PRODUCTOS NATURALES

HEMISÍNTESIS DE UN HÍBRIDO DIOSGENONAARTESUNATO Y SU EFECTO ANTIPLASMODIAL

DIOSGENONE-ARTESUNATE HYBRID HEMISYNTHESIS AND ITS ANTIMALARIAL EFFECT

Jhonatan ARROYAVE, BSc¹, Silvia BLAIR, PhD², Nora RESTREPO-SÁNCHEZ, PhD.^3*

¹ Research auxiliary, Grupo Malaria, Facultad de Medicina, Universidad de Antioquia. Sede de Investigación Universitaria - SIU, Calle 62 #52-59. Medellín, Colombia.

² Grupo Malaria, Facultad de Medicina, Universidad de Antioquia. Sede de Investigación Universitaria - SIU, Calle 62 #52-59. Medellín, Colombia.

³ Grupo Infettare, Facultad de Medicina, Universidad Cooperativa de Colombia, Medellín, Colombia.

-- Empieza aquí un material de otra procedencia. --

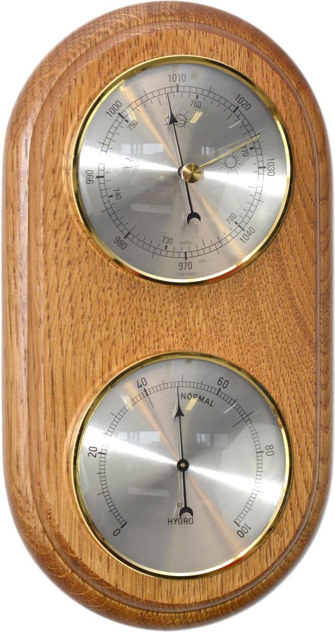 Stacja pogody OWAL BT - 01 Dąb pradawny To oryginalny upominek na każdą okazję, wyprodukowany w Polsce! Z jednej strony to praktyczny gadżet, a z drugiej oryginalny element wystroju domowego lub biurowego wnętrza, który dopasowujemy kształtem i kolorem do mebli i pozostałych aranżacji. Możemy wybrać także termometr i higrometr w tym samym stylu i dowolnie konfigurować swoją własną stację pogody. Prezentowana stacja pogody jest wykonana na pięknej drewnianej podstawie, gdzie umieszczone są złote tarcze otoczone złotym pierścieniem. Tarcze wskazują: ciśnienie atmosferyczne w hPa i mmHg i temperaturę. W barometrze złota wskazówka na szybce służy do porównywania wysokości ciśnienia z np. dniem poprzednim (należy ustawić ją pokrywając z czarną wskazówką ciśnienia na tarczy, a następnego dnia sprawdzić odchyłkę, czy ciśnienie wzrosło czy zmalało. Barometr: Pomiar ciśnienia atmosferycznego w hPa i mmHg Termometr: Pomiar temperatury otoczenia - wskazuje temperaturę powietrza w stopniach C. Rodzaj obudowy: Drewniana - drewno dębowe Tarcza: Złota Kolor obudowy: Dąb pradawny Wymiary: 26 x 14 x 5 cm Barometr, termometr: Średnica 9 cm Na dolnej tarczy widoczne wnętrze z mechanizmem Gwarancja: 2 lata. Zapraszamy do naszego sklepu
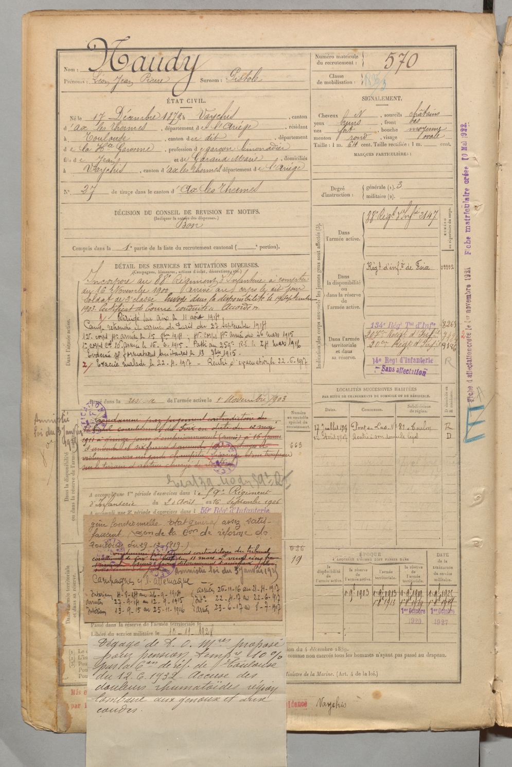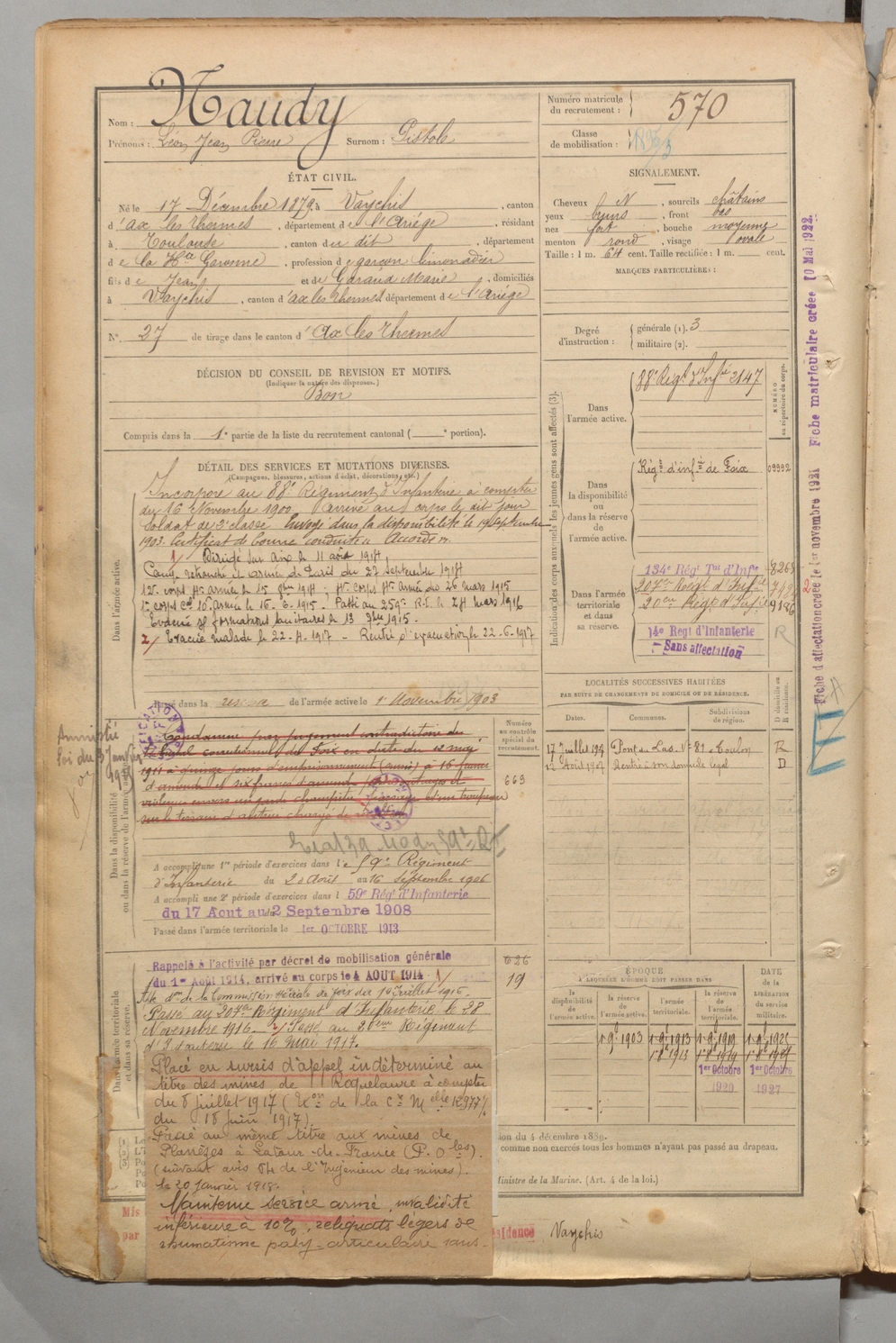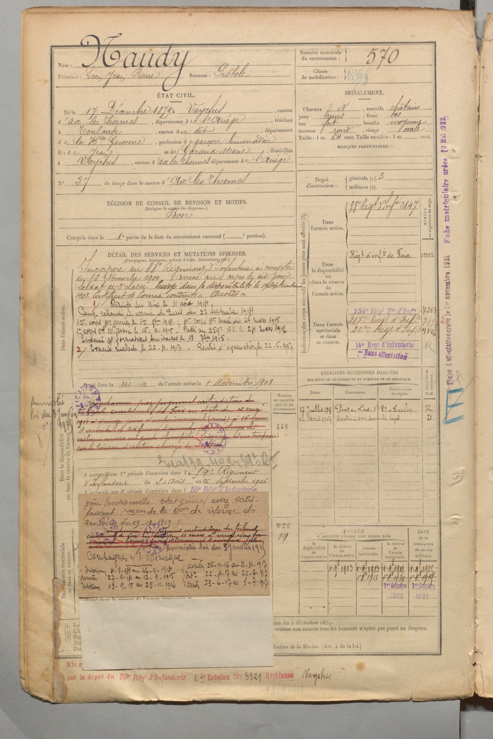 | Naudy | Léon Jean Pierre dit Pistole | FOIX | 1 R 457 | 1899 | Vaychis | Toulouse | 570 |
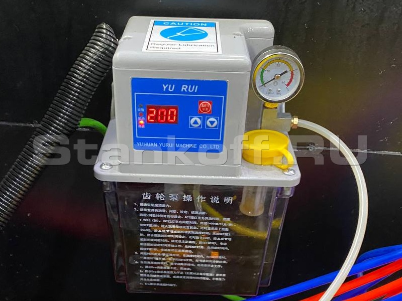 Светодиодная сигнальная колонна предназначена для яркой световой сигнализации аварийных, предаварийных, штатных режимов работы для обеспечения безопасности. Сигнальная колонна позволяет эффективно решить проблему быстрого реагирования персонала при возникновении чрезвычайных ситуаций, помогает осуществлять контроль нормальной работы станка с помощью световой индикации.Автоматическая система смазки
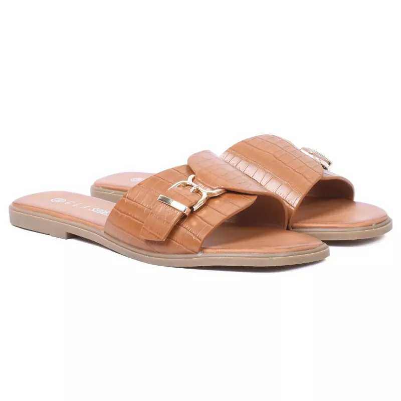 MULE PLATE FEMME CAMEL EFFET CROCO À BOUCLE
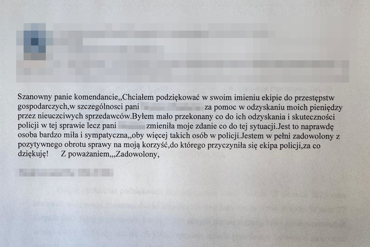 Pierwsze z podziękowań dotyczy interwencji, w wyniku której funkcjonariusze pomogli mieszkańcowi odzyskać utracone pieniądze. Dzięki podjętym przez nich szybkim i zdecydowanym działaniom udało się doprowadzić do pomyślnego zakończenia sprawy.
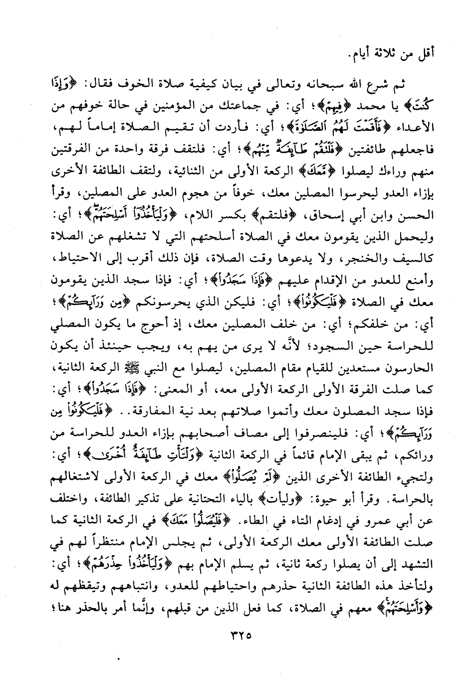 102 - ثم شرع الله سبحانه وتعالى في بيان كيفية صلاة الخوف فقال: {وَإِذَا كُنْتَ} يا محمد {فِيهِمْ}؛ أي: في جماعتك من المؤمنين في حالة خوفهم من الأعداء {فَأَقَمْتَ لَهُمُ الصَّلَاةَ}؛ أي: فأردت أن تقيم الصلاة إمامًا لهم، فاجعلهم طائفتين {فَلْتَقُمْ طَائِفَةٌ مِنْهُمْ}؛ أي: فلتقف فرقة واحدة من الفرقتين منهم وراءك ليصلوا {مَعَكَ} الركعة الأولى من الثنائية، ولتقف الطائفة الأخرى بإزاء العدو ليحرسوا المصلين معك، خوفًا من هجوم العدو على المصلين، وقرأ الحسن وابن أبي إسحاق، {فلتقم} بكسر اللام، {وَلْيَأخُذُوا أَسْلِحَتَهُمْ}؛ أي: وليحمل الذين يقومون معك في الصلاة أسلحتهم التي لا تشغلهم عن الصلاة كالسيف والخنجر، ولا يدعوها وقت الصلاة، فإن ذلك أقرب إلى الاحتياط، وأمنع للعدو من الإقدام عليهم {فَإِذَا سَجَدُوا}؛ أي: فإذا سجد الذين يقومون معك في الصلاة {فَلْيَكُونُوا}؛ أي: فليكن الذي يحرسونكم {مِنْ وَرَائِكُمْ}؛ أي: من خلفكم؛ أي: من خلف المصلين معك، إذ أحوج ما يكون المصلي للحراسة حين السجود؛ لأنَّه لا يرى من يهم به، ويجب حينئذ أن يكون الحارسون مستعدين للقيام مقام المصلين، ليصلوا مع النبي - صلى الله عليه وسلم - الركعة الثانية، كما صلت الفرقة الأولى الركعة الأولى معه، أو المعنى: {فَإِذَا سَجَدُوا}؛ أي: فإذا سجد المصلون معك وأتموا صلاتهم بعد نية المفارقة .. {فَلْيَكُونُوا مِنْ وَرَائِكُمْ}؛ أي: فلينصرفوا إلى مصاف أصحابهم بإزاء العدو للحراسة من ورائكم، ثم يبقى الإِمام قائمًا في الركعة الثانية {وَلْتَأتِ طَائِفَةٌ أُخْرَى}؛ أي: ولتجيء الطائفة الأخرى الذين {لَمْ يُصَلُّوا} معك في الركعة الأولى لاشتغالهم بالحراسة. وقرأ أبو حيوة: {وليأت} بالياء التحتانية على تذكير الطائفة، واختلف عن أبي عمرو في إدغام التاء في الطاء. {فَلْيُصَلُّوا مَعَكَ} في الركعة الثانية كما صلت الطائفة الأولى معك الركعة الأولى، ثم يجلس الإِمام منتظرًا لهم في التشهد إلى أن يصلوا ركعة ثانية، ثم يسلم الإِمام بهم {وَلْيَأخُذُوا حِذْرَهُمْ}؛ أي: ولتأخذ هذه الطائفة الثانية حذرهم واحتياطهم للعدو، وانتباههم وتيقظهم له {وَأَسْلِحَتَهُمْ} معهم في الصلاة، كما فعل الذين من قبلهم، وإنَّما أمر بالحذر هنا؛
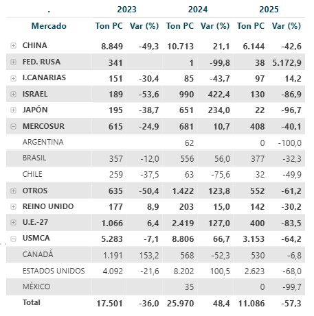 El volumen exportado también es 36% inferior al del mismo lapso de 2023, cuando se embarcaron 17.501 toneladas de carne vacuna.
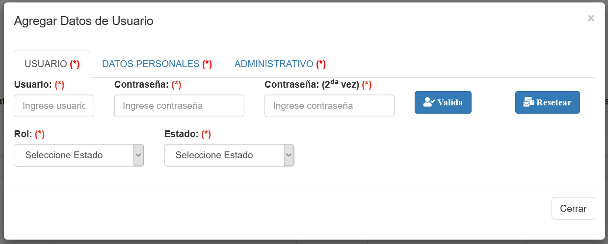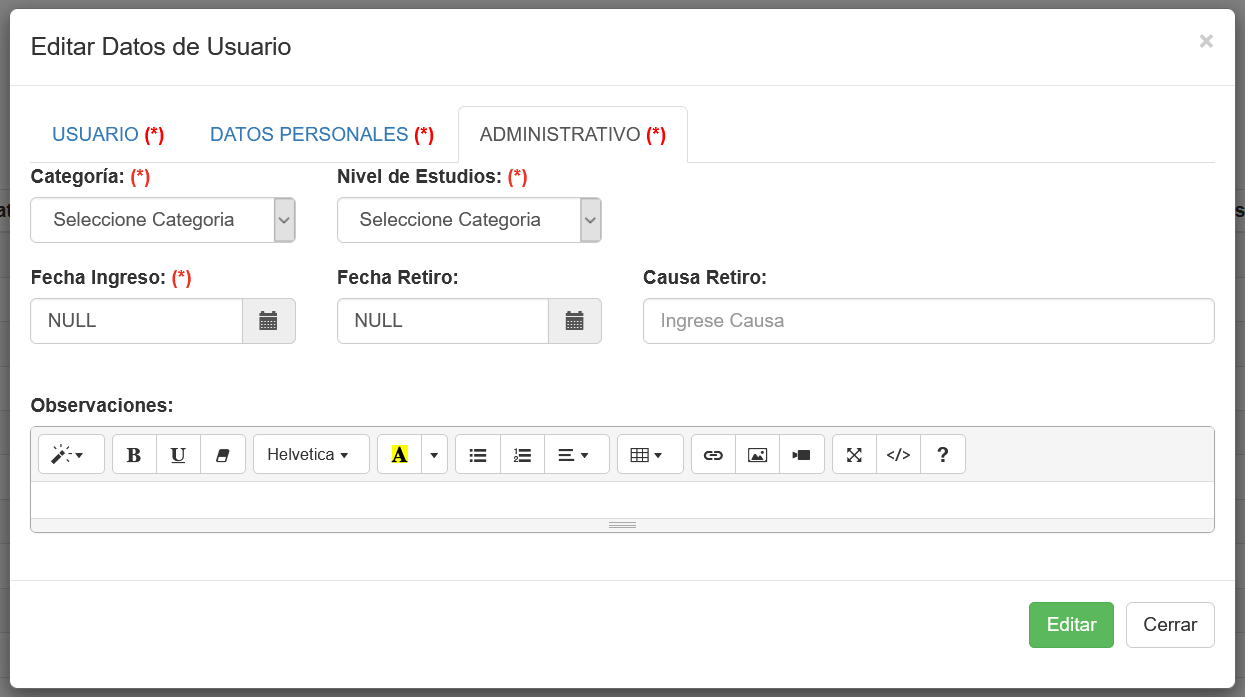 Una vez seleccionada el botón Editar o Agregar aparecerá una Ventana emergente que permitirá ingresar/modificar campos para un determinado usuario, tal como se muestra en la siguiente imagen.
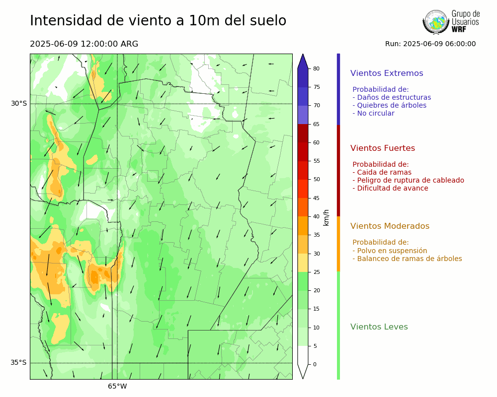 • Intensidad máxima: 16.88 km/h (09/06/2025 17hs.)
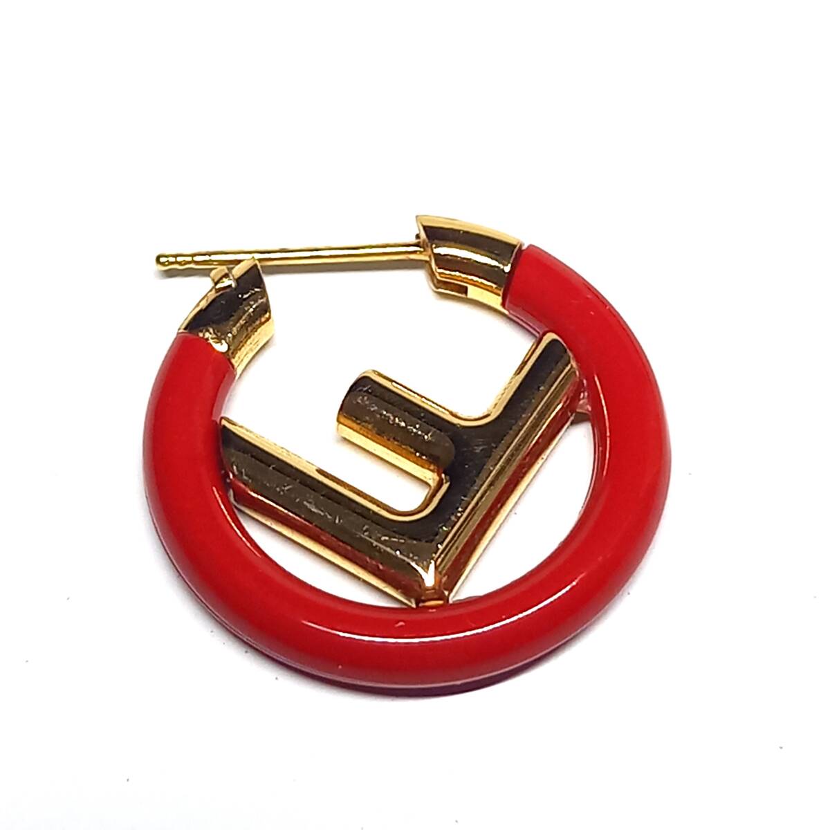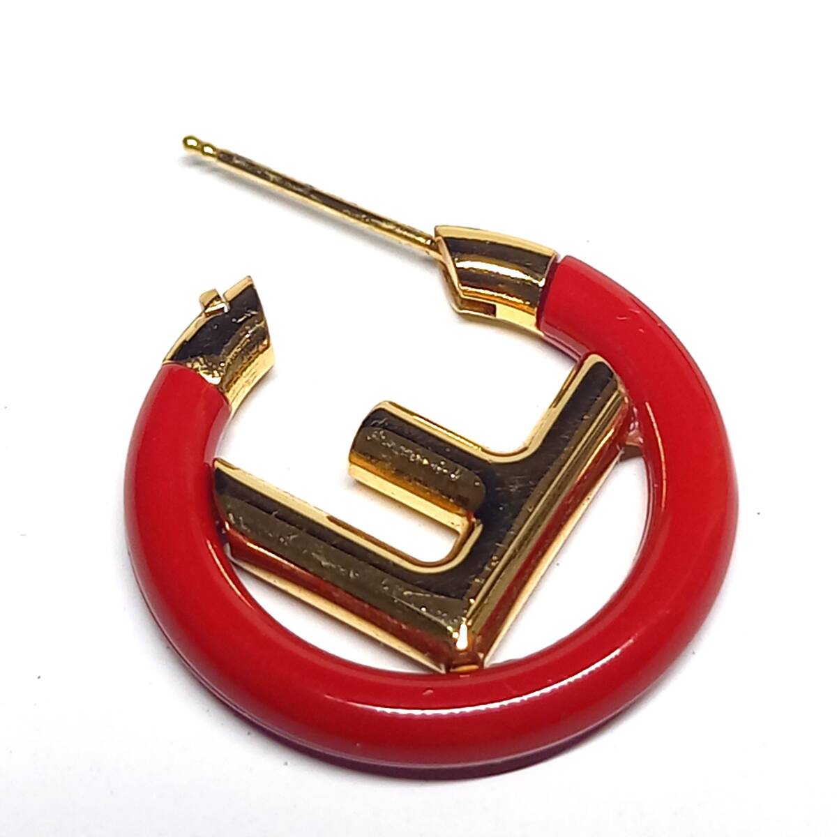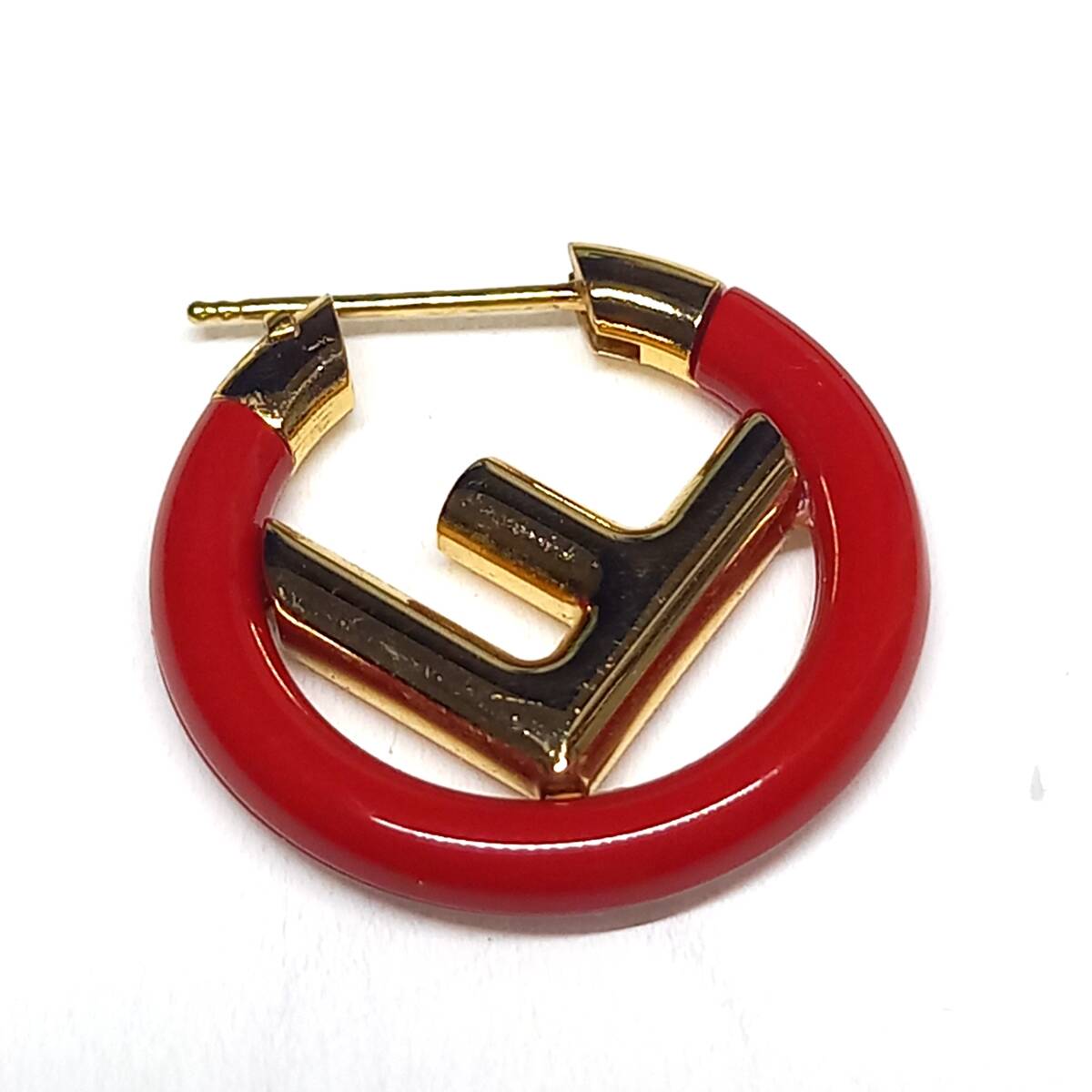 FENDI フェンディ ピアス フープ ロゴ 赤 レッド ゴールド 片耳 片方 エフイズ
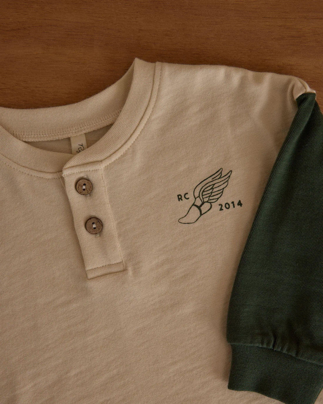 Add vintage track-and-field vibes to your wardrobe with this relaxed-fit long sleeve tee, featuring contrast sleeves and a center front button placket.
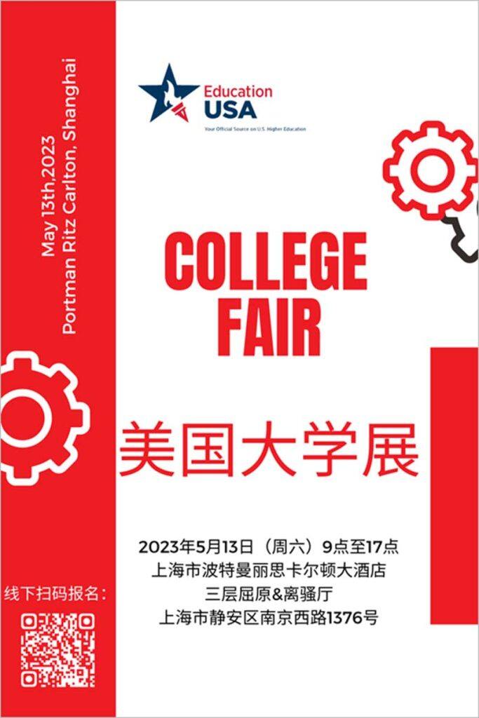 The U.S. Consulate General Shanghai is delighted to invite you to attend EducationUSA’s 2023 College & University Fair on May 13th, 2023, from 9am-5pm. The fair will be held at the 3rd Floor (Lisao I&II and Quyuan Room), Portman Ritz Carlton in Shanghai.

* Autor a quien se debe dirigir la correspondencia: neugenia.restrepo@udea.edu.co.

Recibido: Marzo 20 de 2014

Aceptado: Octubre 20 de 2014

RESUMEN

Antecedentes: La malaria es una enfermedad causada por parásitos del género Plasmodium y transmitida por mosquitos de género Anopheles. Anualmente, se reportan alrededor de 220 millones de casos de malaria en el mundo, de los cuales mueren aproximadamente 650.000 personas, convirtiendo esta enfermedad en un problema de salud pública. En los últimos años se ha reportado resistencia de los parásitos a los antimaláricos: cloroquina, mefloquina y recientemente a los derivados de artemisininas, como artesunato. Objetivo: Obtener por hemisíntesis un híbrido de diosgenona-artesunato con un conector hidrolizable tipo éster, y valorar su actividad antiplasmodial y citotoxicidad in vitro. Métodos: Para la obtención del híbrido 4, se redujo el grupo carbonilo de la diosgenona en presencia de borohidruro de sodio, para generar un alcohol, el cual se usó para enlazarse con el artesunato, por medio de una reacción de esterificación promovida por el reactivo de Yamaguchi. La actividad antiplasmodial se determinó en la cepa 3D7 de P. falciparum sensible a cloroquina, la citotoxicidad se evaluó en la línea celular HepG2. Resultados: Mediante una reacción de esterificación con el reactivo de Yamaguchi, se obtuvo el primer híbrido diosgenona-artesunato 4 (IC₅₀=0,0157 μM), el cual fue más activo que la molécula de partida diosgenona 1 (IC₅₀=35,49 μM) y la diosgenona reducida 2 (IC₅₀=46,33 μM) pero no más que el artesunato 3 (IC₅₀ = 0,0020 μM). Conclusiones: Se obtuvo un nuevo híbrido de diosgenona-artesunato el cual presenta mejor actividad que la molécula natural; resultado de importancia para su uso potencial contra cepas resistentes al artesunato.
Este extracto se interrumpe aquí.